• Exercise data:
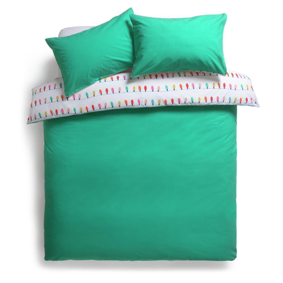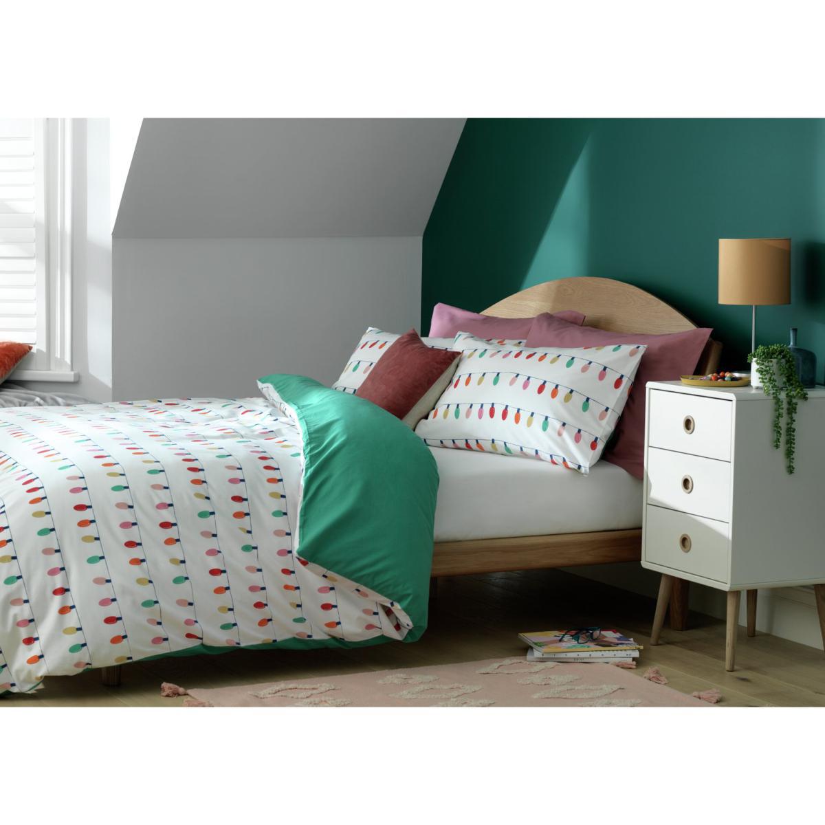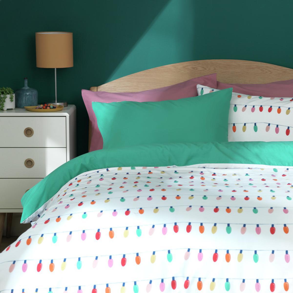 Treat your sheets to dash of Christmas spirit. Our reversible duvet and pillowcases light up the room. Snuggle in while you wait for Santa. When the festive season is over, flip for a change in bright jade green. With a soft feel, this comfy set will have you snoozing soundly in no time. Made from clever polycotton, they're durable and a dream to clean too. How many sleeps left?
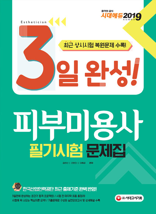 • [중고] 2019 3일 완성 피부미용사 필기시험 문제집 - 최근 상시시험 복원문제 수록! 기출문제로 구성된 실전모의고사 수록! 한국산업인력공단 최근 출제기준 완벽 반영! 상시시험 맞춤교재! 검색 | 2019 3일 완성 시리즈
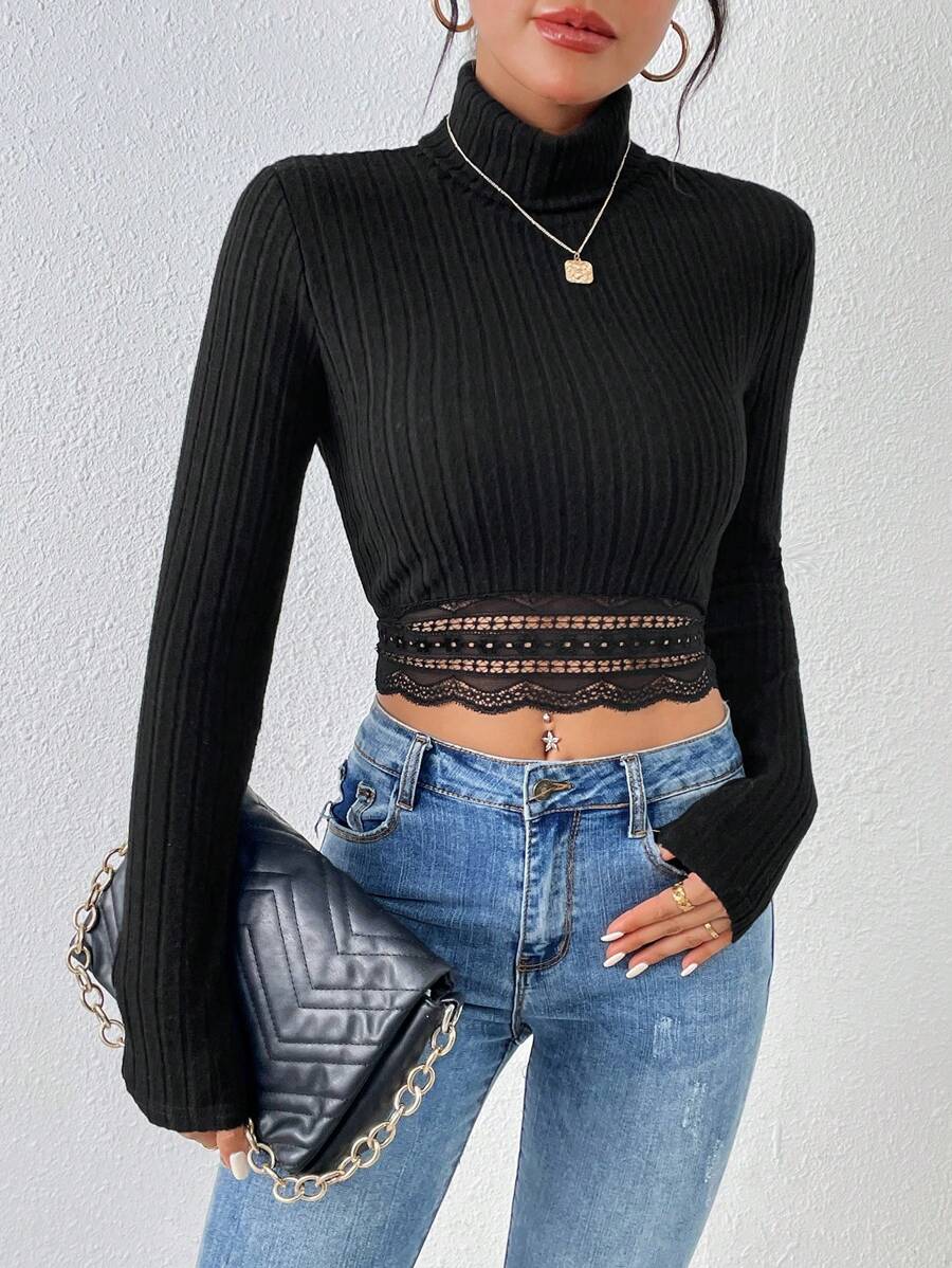SHEIN Frenchy Women's Plain High Neck Lace Hem T-shirt

• Exercise prompt: Each line from the one containing "2019 3일 완성 시리즈" through the last line above should be retyped exactly, and no other line. Any picture is to be left out.

• Expected answer:
 • [중고] 2019 3일 완성 피부미용사 필기시험 문제집 - 최근 상시시험 복원문제 수록! 기출문제로 구성된 실전모의고사 수록! 한국산업인력공단 최근 출제기준 완벽 반영! 상시시험 맞춤교재! 검색 | 2019 3일 완성 시리즈
SHEIN Frenchy Women's Plain High Neck Lace Hem T-shirt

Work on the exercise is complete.